**Exercise requirements**
Return only the lines of the data below from the line with "Envoltório de Gaze" up to and including the line with "Retail buying spans", exactly as written, with the pictures omitted.

**Exercise inputs**
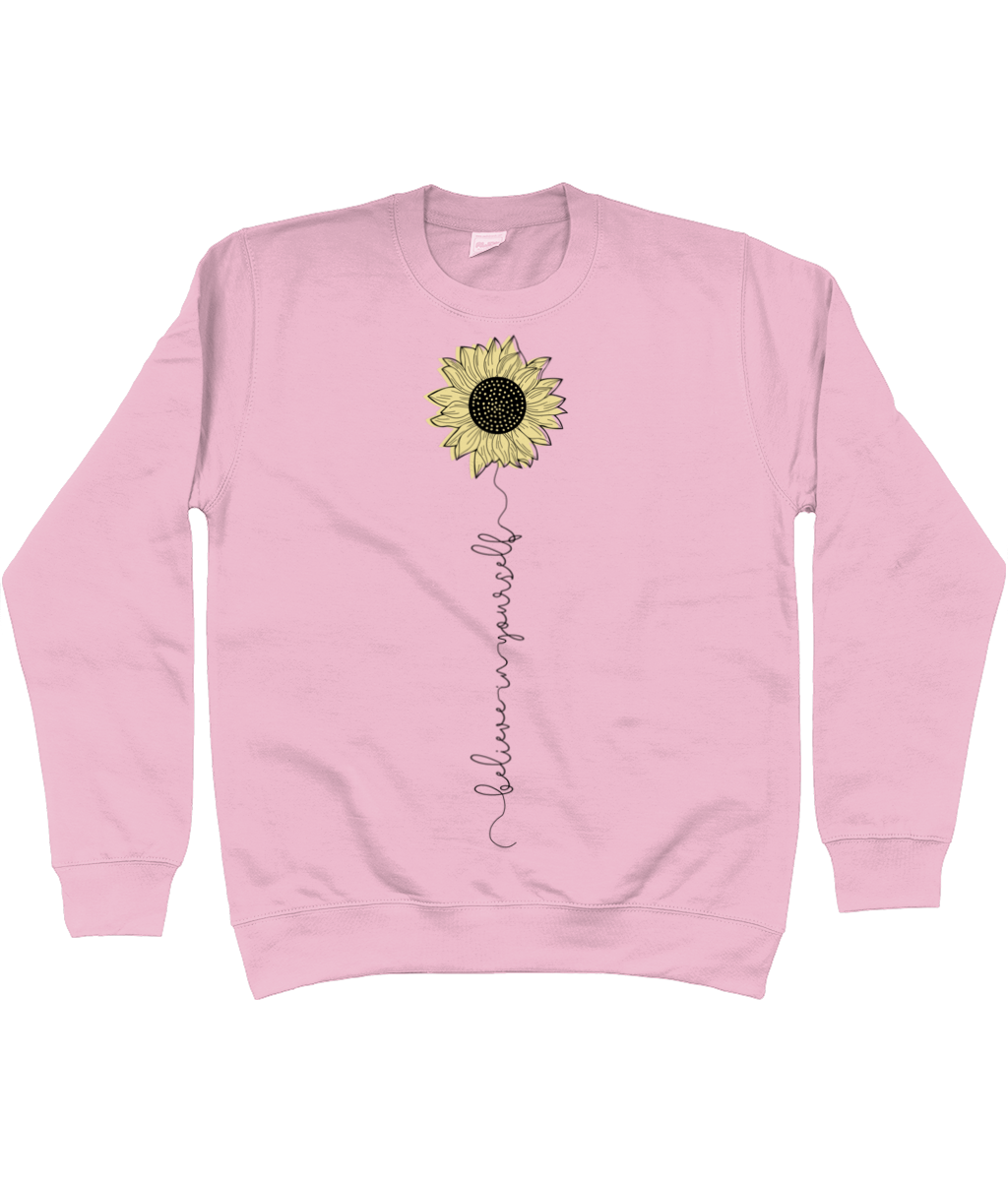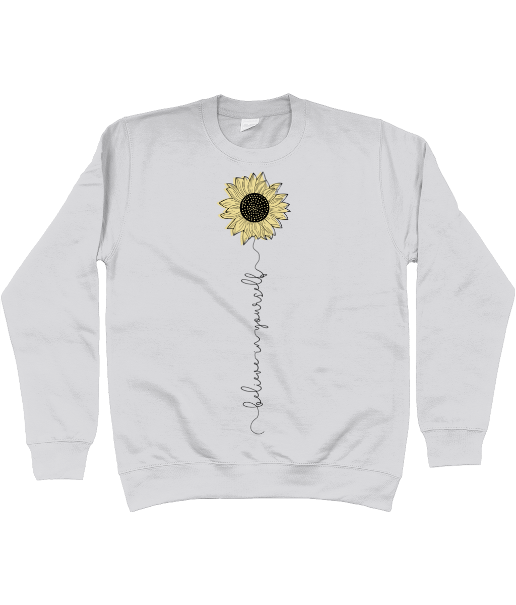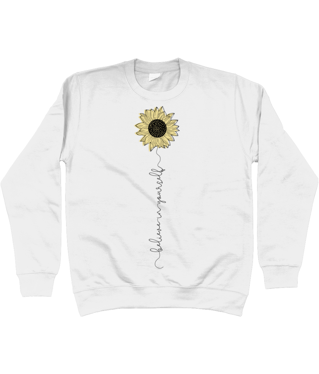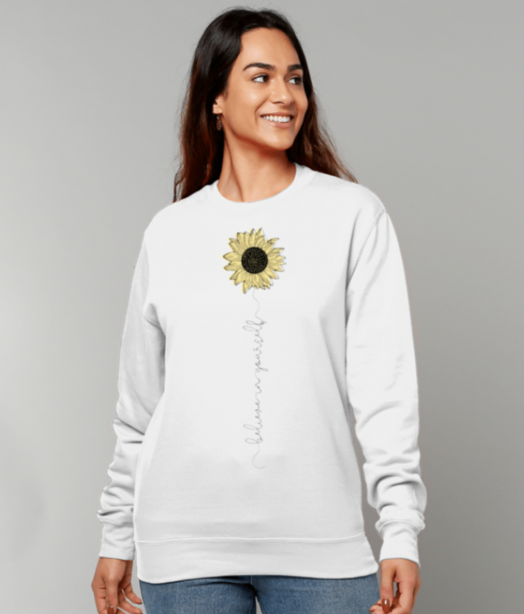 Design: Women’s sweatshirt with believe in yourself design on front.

==

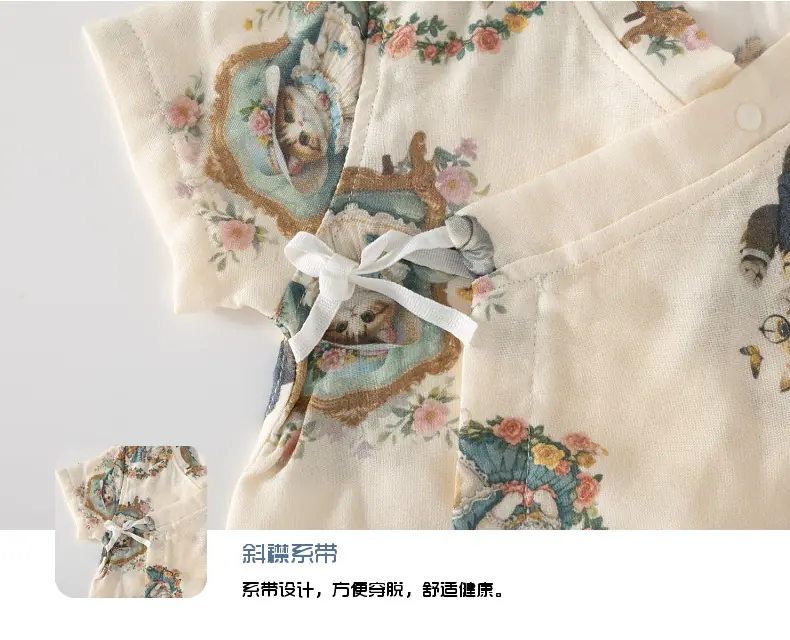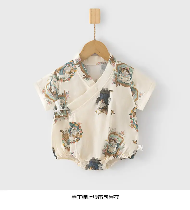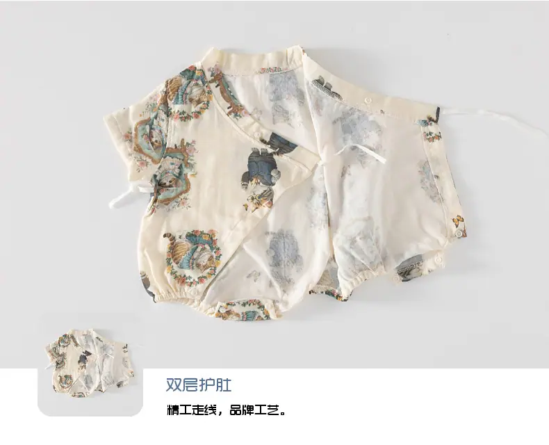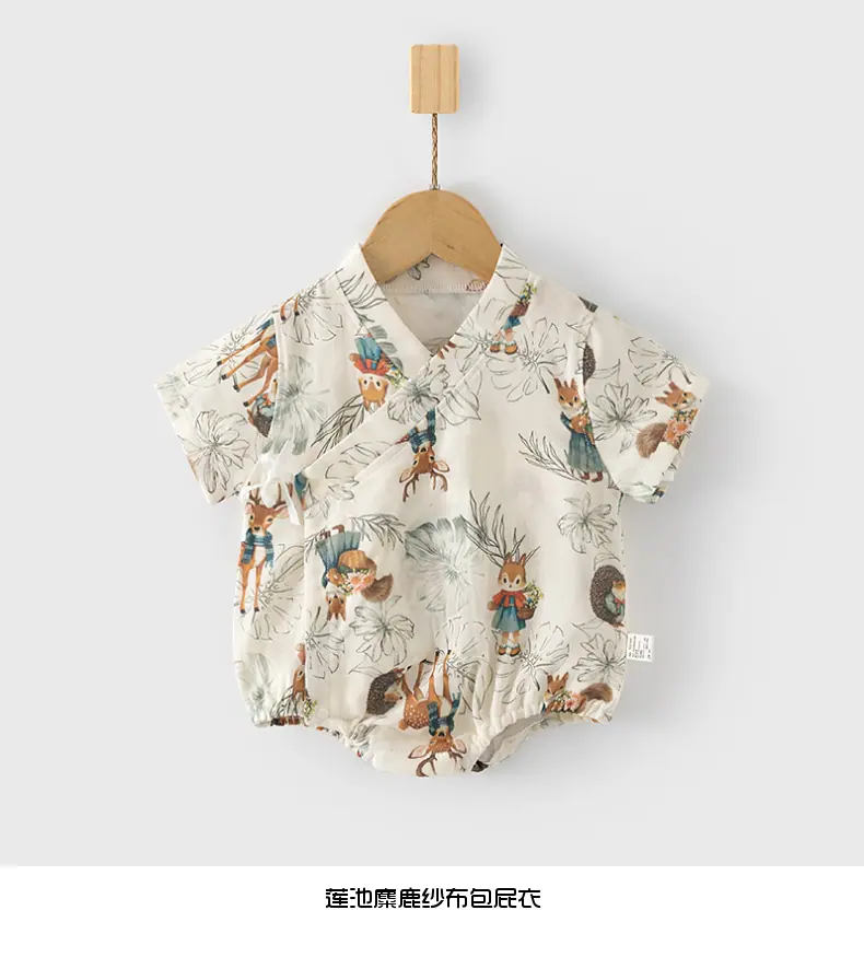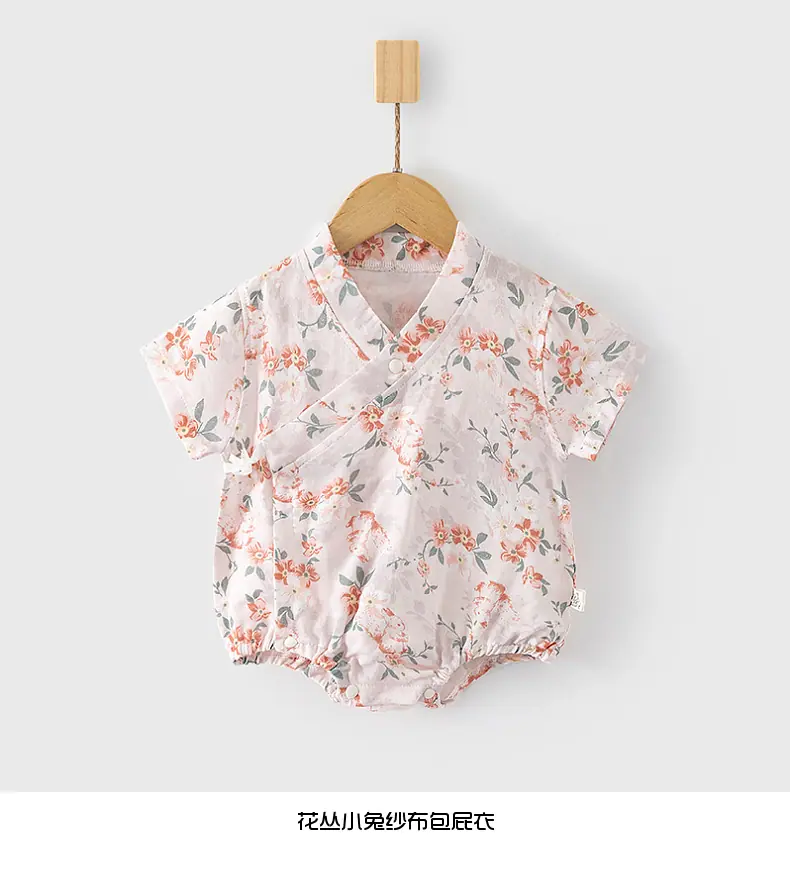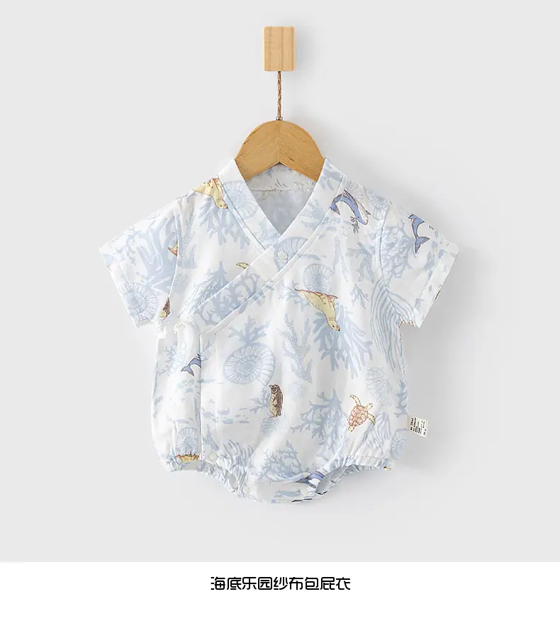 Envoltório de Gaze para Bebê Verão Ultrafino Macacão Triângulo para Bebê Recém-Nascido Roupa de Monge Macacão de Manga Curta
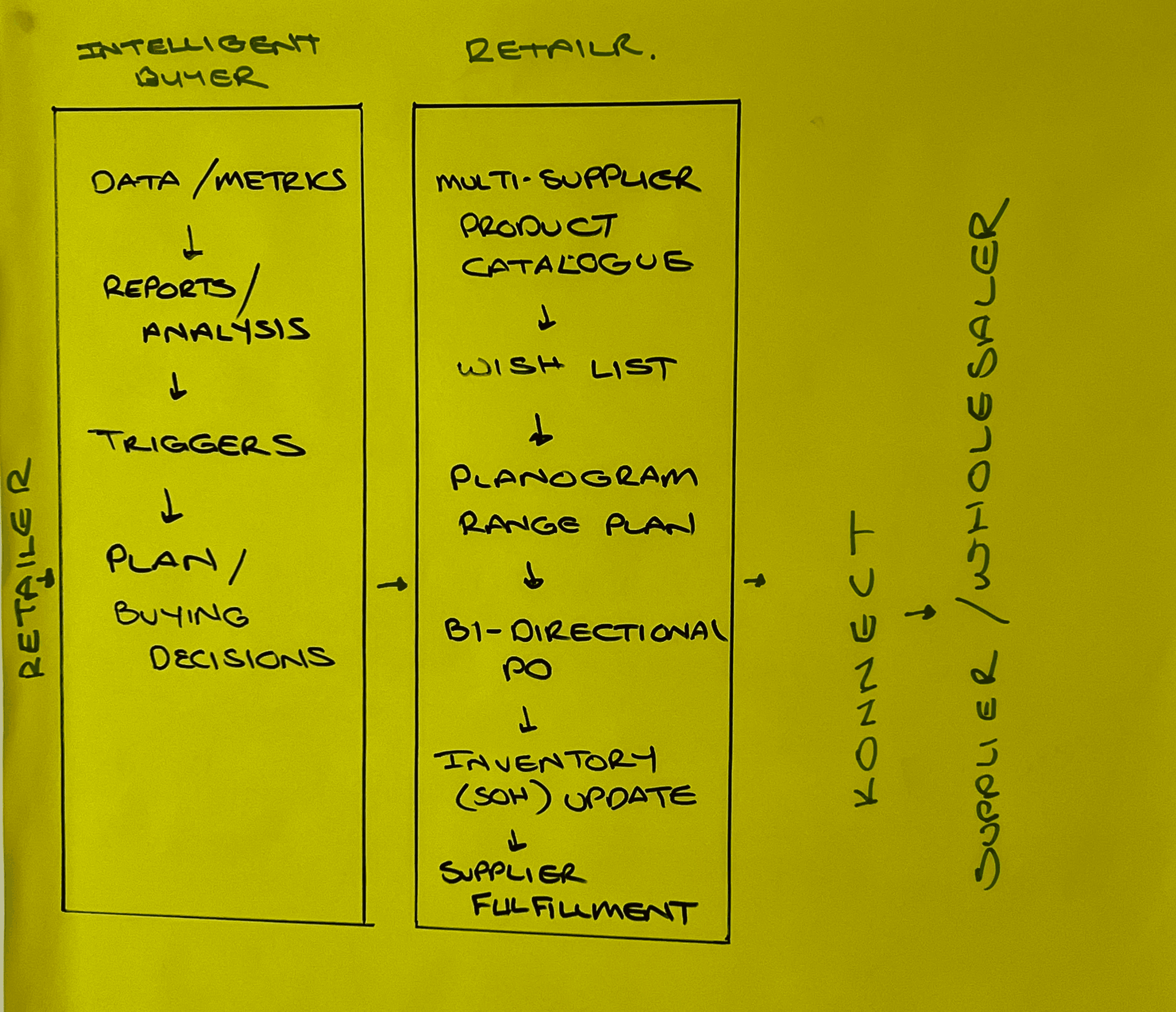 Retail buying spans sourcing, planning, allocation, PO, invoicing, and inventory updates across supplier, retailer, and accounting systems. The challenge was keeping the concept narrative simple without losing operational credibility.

--

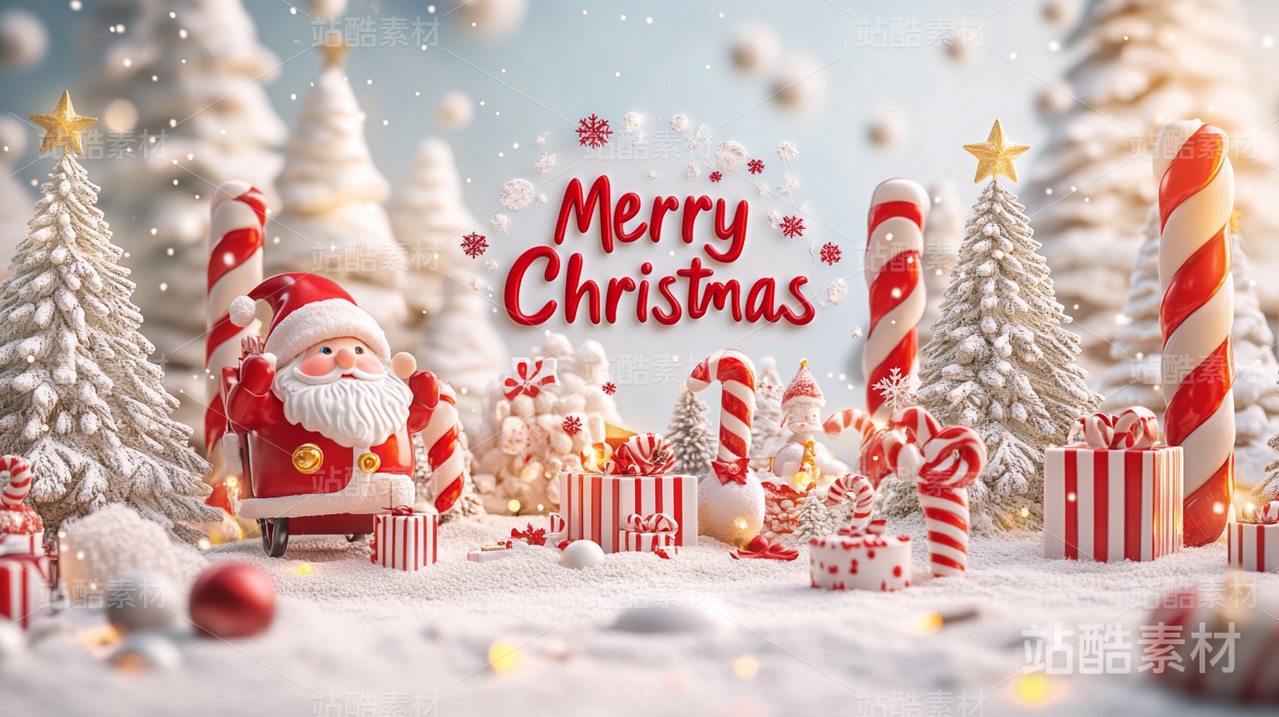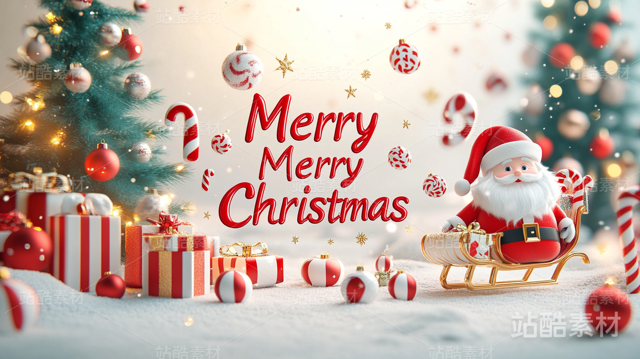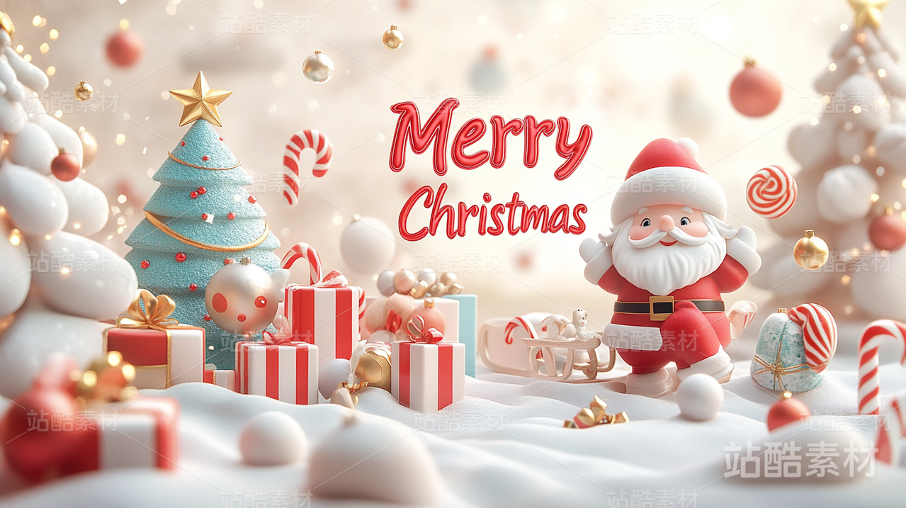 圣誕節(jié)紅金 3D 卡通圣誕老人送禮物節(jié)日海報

**Answer to this exercise**
 Envoltório de Gaze para Bebê Verão Ultrafino Macacão Triângulo para Bebê Recém-Nascido Roupa de Monge Macacão de Manga Curta
 Retail buying spans sourcing, planning, allocation, PO, invoicing, and inventory updates across supplier, retailer, and accounting systems. The challenge was keeping the concept narrative simple without losing operational credibility.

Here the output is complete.